Beynelmilel

 

 Kısa bir süre önce, ön kabullerimi bir kenara bırakarak, fragmanlarından bildiğim ve bu yüzden de hazzetmediğim Beynelmilel filmini seyretmeye karar verdim. Filmin başından sonuna kadar buram buram ‘şirin solculuk oyunu’ kokan sahnelerini izleyince, bu ön kabullerimde ne denli haklı olduğumu bir kez daha anladım.

 Beynelmilel, bir ‘12 Eylül ihtilali’ hikâyesi. Film 1980 ihtilalinin ardından, Adıyaman’ın bir kasabasında yaşanan trajikomik olayları konu ediyor. Gevende adı verilen yerel çalgıcıların ihtilal sonrası yaşadığı sorunların komedi-dram karışımı bir dille anlatıldığı filmde, sol argümanların yoğun bir biçimde kullanıldığı sahneler dikkat çekiyor. Cezmi Baskın’ın canlandırdığı Abuzer Yayladalı kentin tanınmış bir kemancısıdır.  Arkadaşlarıyla birlikte bir ekip kurar. Sokağa çıkma yasağının bulunduğu kasabada, bir ihbara dayanılarak gerçekleştirilen askeri baskında gözaltına alınırlar ve ilginç bir şekilde askerin orkestrası olarak işe başlarlar. Abuzer’in kızı Gülendam (Özgü Namal) ise kasabanın bıçkın delikanlısı ve aynı zamanda sıkı bir devrimci olan Haydar’a (Umut Kurt) sevdalıdır. Hikaye askeri orkestra ile genç aşıkların etrafında gelişir.

 Türk sinemasının çok tartışılan politik filmleri olan ve 12 Eylül askeri darbesini anlatan filmler, 12 Eylül süreci ve sonrasında yaşanan sosyal, siyasal, ekonomik ve politik gelişmeleri değişik yönleriyle tartışmayı amaçladılar. Kimi sert kimi daha itidalli bir üslupla çekilmiş bu filmler, belirli bir dünya görüşünün perspektifiyle olaya yaklaştıklarından amaçladıkları hedeften çok farklı noktalara geldiler. Neredeyse tamamına yakınını sol frekanslı yönetmenlerin çektiği filmler, bırakın sağlıklı bir 12 Eylül tartışması yapabilmeyi, bir çoğu sloganik ve politik tutuculuklarıyla marjinal birer gösteri olmaktan öteye geçemedi. Bazıları kendilerinden önce çekilmiş filmlerin tekrarı niteliği taşırken, büyük bir kısmında da kendilerinden önce çekilmiş filmlerden yoğun esintiler görmek hiç de zor değil.

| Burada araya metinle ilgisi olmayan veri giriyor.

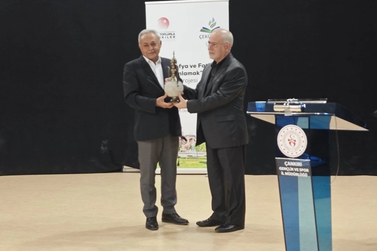 Konferans sonunda konuşmacı Necdet Yılmaz Bey'e Çankırı Çevre Kültür Derneği Başkanı Duran Karakoyun tarafından hediye takdimi yapıldı.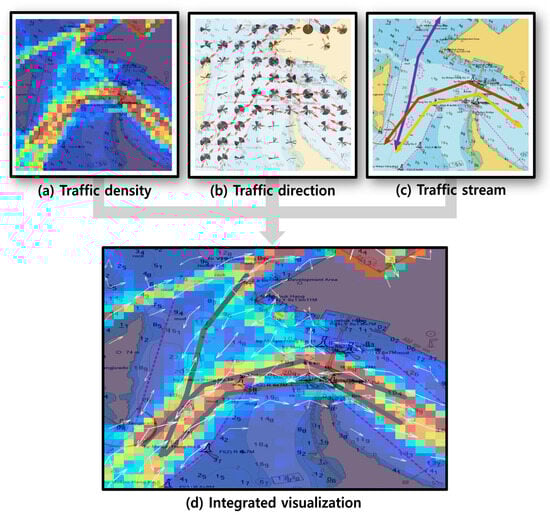 However, current maritime traffic and hydrographic information delivery systems have limitations that hinder navigators from achieving effective situational awareness. The existing hydrographic information does not provide comprehensive, real-time information regarding changes in maritime traffic conditions or vessel interactions. The next generation of hydrographic information, S-100, will improve the accessibility, compatibility, and usability of hydrographic and marine data by providing a new universal standard data framework for next-generation navigation technologies []. Among these, the S-101 standard provides a new technical structure for the efficient integration and visualization of various marine data. However, S-101 currently lacks specific visualization measures to provide navigators with maritime traffic behaviors, such as maritime traffic density, traffic flow, and representative routes. Consequently, it is necessary to utilize large amounts of maritime traffic data to analyze ship movements and traffic patterns, thus providing more intuitive and integrated information to navigators. Particularly, it is necessary to monitor and verify maritime traffic using current hydrographic information.
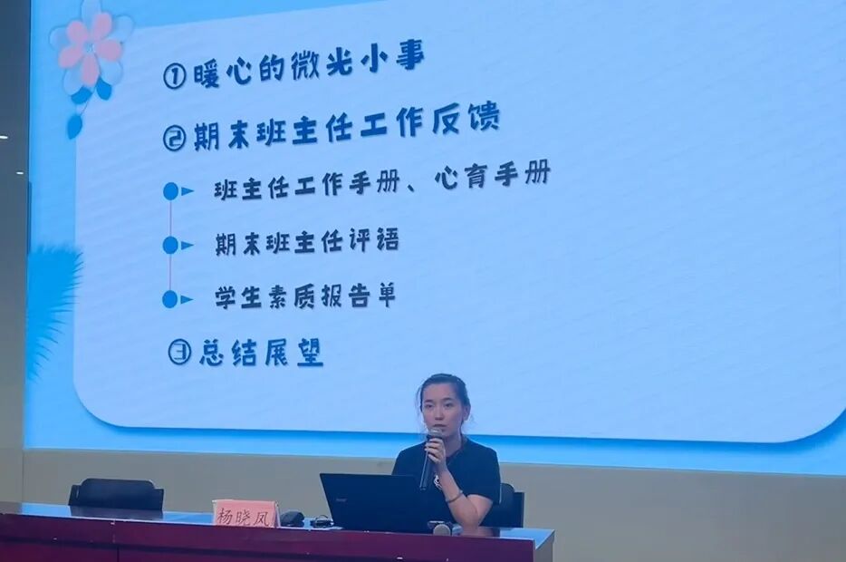 最后郑影竹副校长与班主任们进行了反馈总结。郑校长肯定了这一学年老师们的辛苦付出,并与大家一同回顾了一学期来班主任们的暖心微光小事,点赞了年级组长们尽心尽力的工作,反馈了期末班主任工作的情况。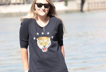 J'ai trouvé mon bonheur chez Sandro et je ne regrette vraiment pas, car je l'adoooore, sa couleur, son tigrou !! Je le trouve cool à souhait et aussi méga confortable !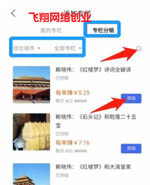3、专栏添加可以选择我的专栏和专栏分销中的专栏。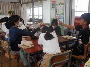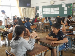 5時間目に全校でスマイルトークを行いました。質問じゃんけんの2回目です。じゃんけんをして勝った人が、好きな食べ物、行きたい国、好きなくだものなどテーマの中から一つ選んで質問をするのですが、じゃんけんをするだけでもとても楽しそうなのが印象的でした。あいさつをする、目を見て話す、うなずく、先生の指示を聞くという約束を守ってできたことを先生にほめてもらったり、友達が自分の話を聞いてくれてうれしかったりと、温かな雰囲気で行うことができました。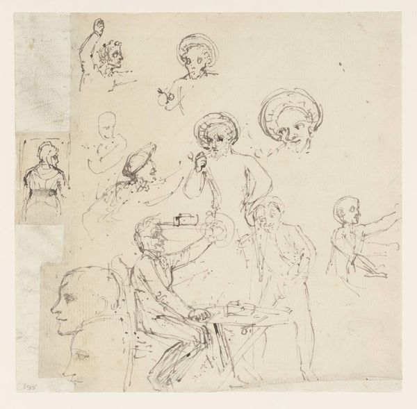 Curator: This pencil drawing presents us with multiple head studies by Jordanus Hoorn, dated sometime between 1763 and 1833. What are your first thoughts? Editor: There's a tentative quality here. A sense of practice, almost like visual note-taking, which I find refreshing. The artist experiments with the facial expressions and clothing, but nothing feels very solid or polished. Curator: Agreed, it gives an interesting look into Hoorn's artistic process. The accessibility of pencil and paper were pivotal for academic artists to develop a skill set through repetitive training. Consider the historical context: How did access to art academies, patronage, or social status dictate who could afford materials or time for such practice? Editor: Right. It's worth questioning whether this sheet represents academic exercise, or if Hoorn perhaps struggled to make a livelihood through portraiture. The relatively low cost and portability of pencil meant even a struggling artist could still explore his craft. Curator: Exactly. These heads are more than just representations; they point to the economic and social factors that shaped the art world. You know, it is also interesting to note that these could have also been practice studies for the printing and bookmaking industry at the time. Editor: I see what you mean. There are quite a few reproductions done around the late 1700s with very similar depictions. That industry required numerous people, like Hoorn here, to be versed in human anatomy and different reproduction methods. Curator: Indeed. By analyzing the medium itself – pencil on paper – and pondering the practical applications of such works, we unearth so much. These sketches give us not just likenesses, but echoes of a world where art intertwined with daily life and political dynamics. Editor: It makes you realize that an artwork doesn't always have to be 'finished' to be insightful. This collection of sketches, however rough, offers a peek into both the artistic skill-building of the era and the economy around reproductive work in that period.
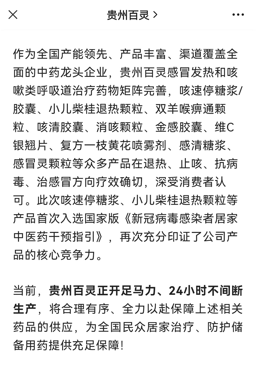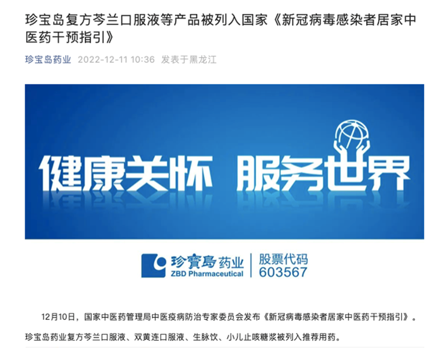 珍宝岛药业通过微信公众号表示,公司此次有复方芩兰口服液、双黄连口服液、生脉饮、小儿止咳糖浆被列入指引推荐用药。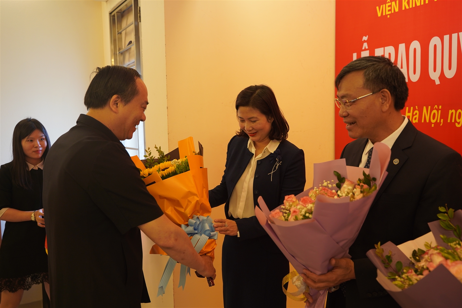 Viện trưởng viện kinh tế và phát triển DN trao quyết định cho 3 đồng chí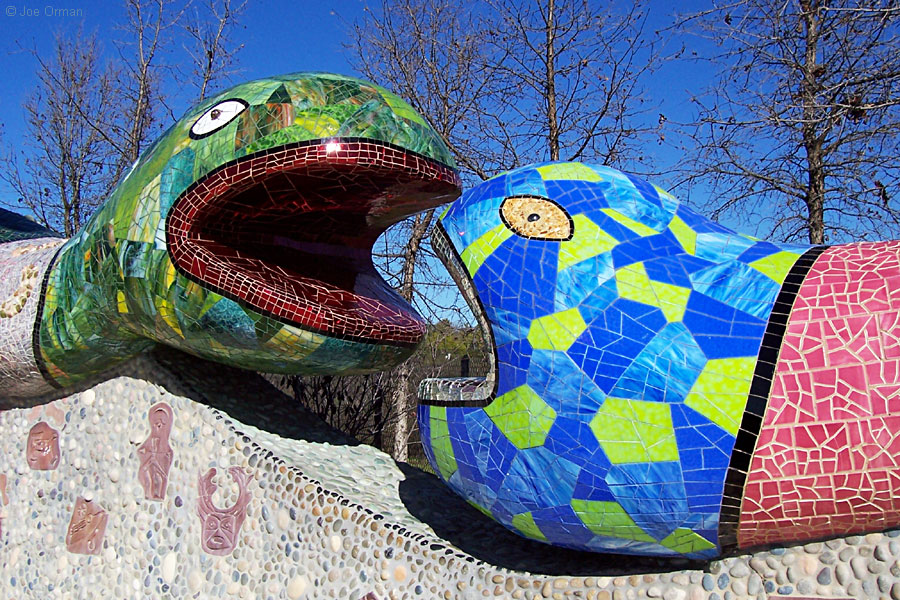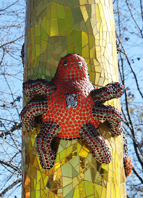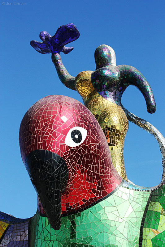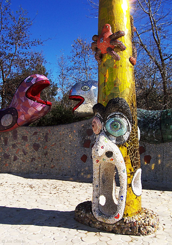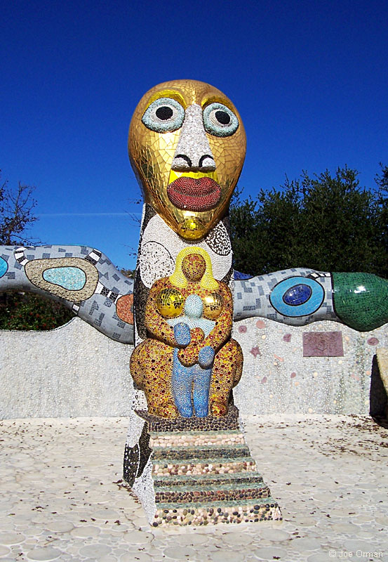 Queen Califia was "a legendary Black Amazon Warrior Queen believed to rule a terrestrial island paradise of gold and riches." Artist Niki de Saint Phalle used colorful tile, glass, shells and stones to create the queen and her fantastic creatures. A sign at the entrance to the sculpture garden gives the history of the artist and the project:

 Öyle görünüyor ki Beynelmilel’in iki yönetmeni, Sırrı Süreyya Önder ve Muharrem Gülmez, önceki dönemlere ait siyasi filmlerin taşıdığı niteliklerden soyutlayamamışlar kendilerini. Samimi bir emeğin verildiği muhakkak. Film de bu hissi fazlasıyla veriyor zaten. Ben de sarf edilen emeği göz ardı etmeden, filmle ilgili birkaç gözlemimi sizlerle paylaşmak istiyorum;

 Birincisi; Kıvırcık saçlı, çokbilmiş solcu genç kahramanlardan gına geldi. Halkın sosyal yapısını küçümseyen bu bıçkın gençlerin boy göstermelerini izlemekten ziyadesiyle sıkıldık. Darbeye, cuntaya, baskıya, despotizme bir tek onlar karşıymış, darbe sürecinde yalnız onlar özgürlük ve insan haklarını savunmuşlar izlenimi vermek yönetmenin objektifliğine olduğu gibi filmin gerçekçiliğine de zarar veriyor. Bu konuda objektif ve ciddi bir yapıma hasret kalmışlığımız bir kez daha gün yüzüne çıkıyor.

İkincisi; Cezmi Baskın’ın ne denli başarılı bir oyuncu olduğu bir kez daha tescillenmiş oldu. Gerek fiziği ve gerekse sanatıyla Şener Şen’i andırdı bana. Komedi kadar hüzün de çok iyi duruyor üzerinde. Türkiye’nin değeri az bilinen oyuncularından birisi olduğu kesin. Filmi sırtlamış demek yanlış olmaz.

 Üçüncüsü; Böyle ciddi bir konuyu, komedi tarzıyla işlemeye çalışmak dışardan görüldüğü kadar kolay bir iş değil. Zaten film de bu konuda pek de başarılı bir örnek olmamış. Malzeme çok sağlam ama işçilik zayıf kalmış.